Now is the time for the United States to make clear that the Lassen’s transit was not simply a one-off event, or a goal in and of itself. By not challenging China’s excessive claims since 2012, the administration erroneously signaled a shift in the American belief in the unencumbered passage of all nations’ navies in international waters. These operations should never have ceased, and now they must continue on a regular basis to reinforce U.S. commitment to what must remain an unshakeable principle of international law and U.S. foreign policy. The U.S. Navy—in concert, where appropriate, with the navies of our regional allies and partners—should leave no doubt as to the illegitimacy of China’s assertions.

The administration’s stated desire to “rebalance” to the Asia-Pacific has so far consisted more of rhetoric than substance.
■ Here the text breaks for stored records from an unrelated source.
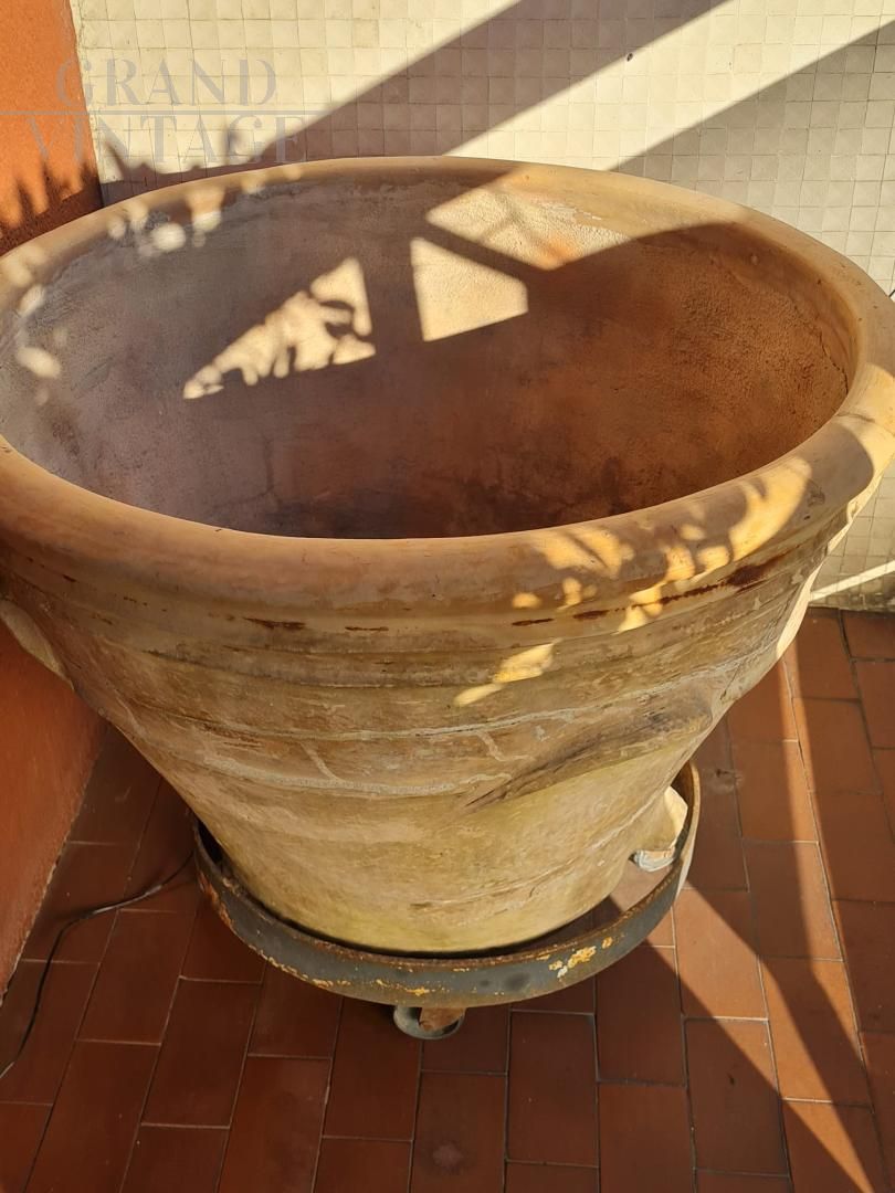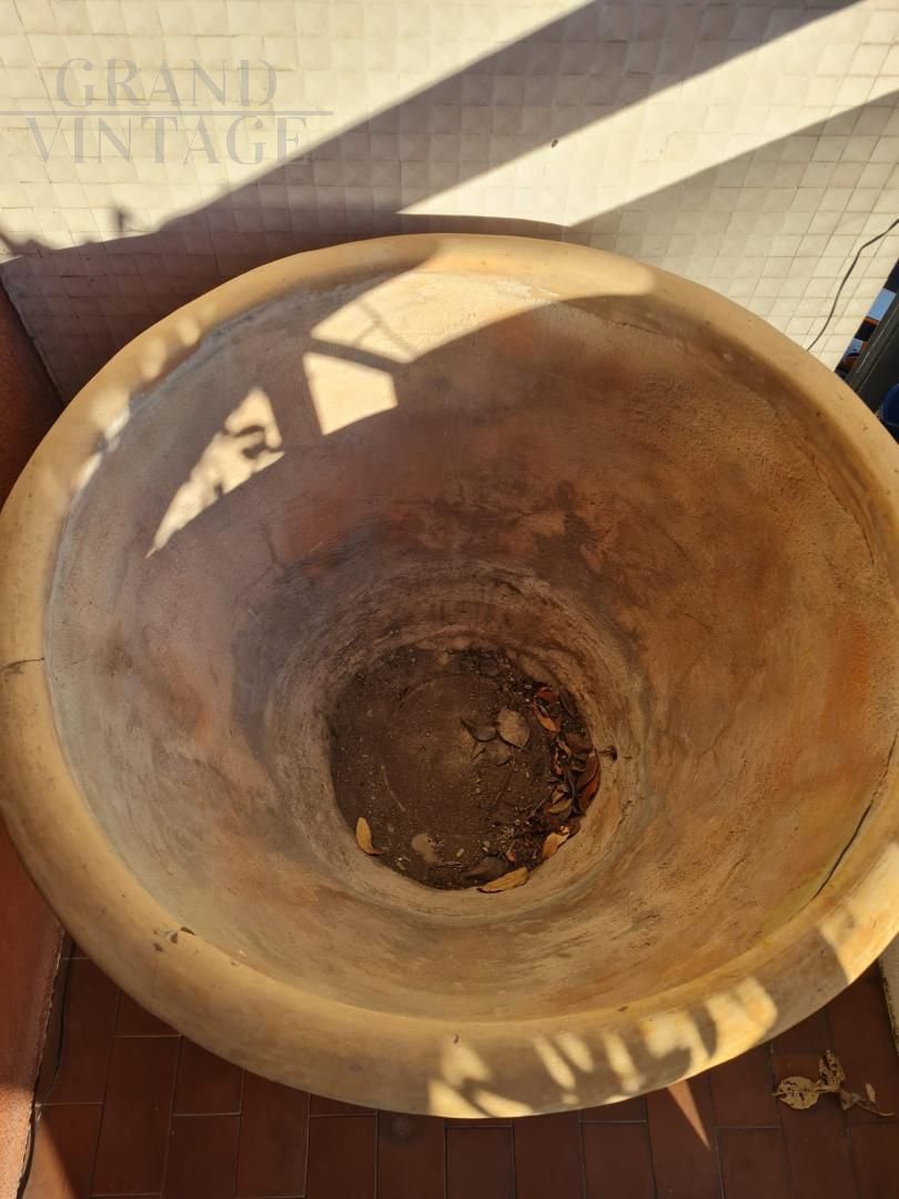 Vaso conico da limoni antico in cotto, 68 cm di diametro e 55 di altezza.
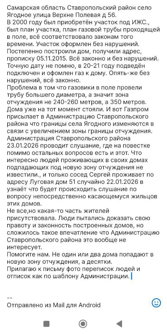 план поселения. В коллективном обращении к губернатору Вячеславу Федорищеву и в аппарат Президента они утверждают, что администрация подготовила документ, который исключает 83 жилых участка из границ села и переводит их категорию с индивидуального жилищного строительства на земли промышленности и специального назначения. Люди опасаются, что решение может привести к сносу домов, потере собственности, аннулированию прописки и фактическому выселению десятков семей По словам жителей, речь идёт не о самостроях и не о временных постройках, а именно о домах, которые стоят десятилетиями Участки выделялись ещё в 1990-е годы, в начале 2000-х недвижимость была оформлена в Росреестре, проведены свет, газ и вода, зарегистрированы проживающие. Многие семьи строились своими руками, вкладывали средства год за годом, растили детей, создавали хозяйство и связывали будущее именно с этим местом. В Ягодном живут пенсионеры, многодетные родители, семьи участников СВО, малолетние дети и теперь, как говорят
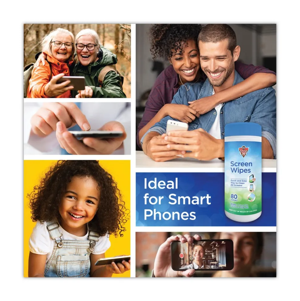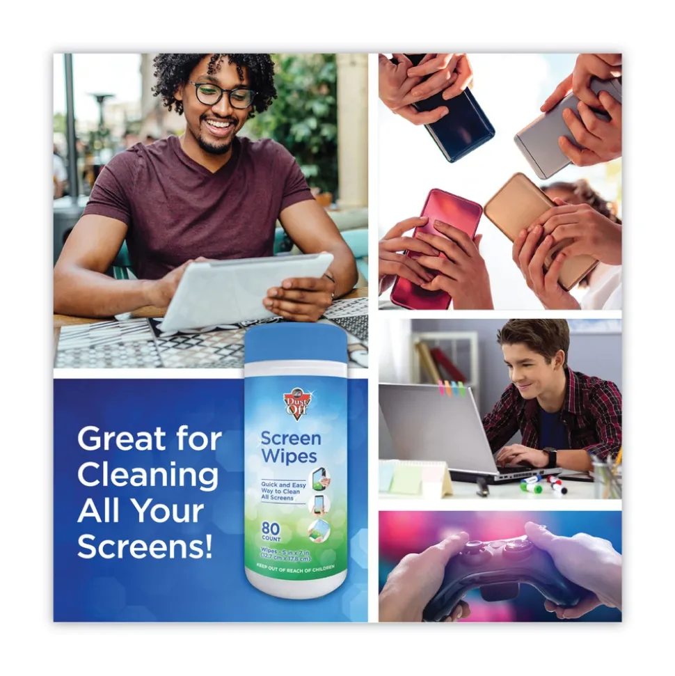 Show your screens some love! Dust-Off Screen wipes are a great way to keep your home and office screens clean. These, soft, thick pre-moistened wipes are safe for all screens large and small including smart phones, tablets, navigation screens, and smart watches. Also, great for laptops and monitors. Features a great citrus scent. Wipes stay fresh with the easy open/close lid.

By undertaking freedom of navigation operations in the South China Sea as a regular operation in pursuance of long-standing U.S. principles, the administration has the opportunity to show Beijing, and the rest of the region, that America can do more than just give speeches to uphold stability in the world’s most dynamic region.

Congressman J. Randy Forbes (R-VA) is Chairman of the House Armed Services Seapower & Projection Forces Subcommittee and Co-Chairman of the Congressional China Caucus.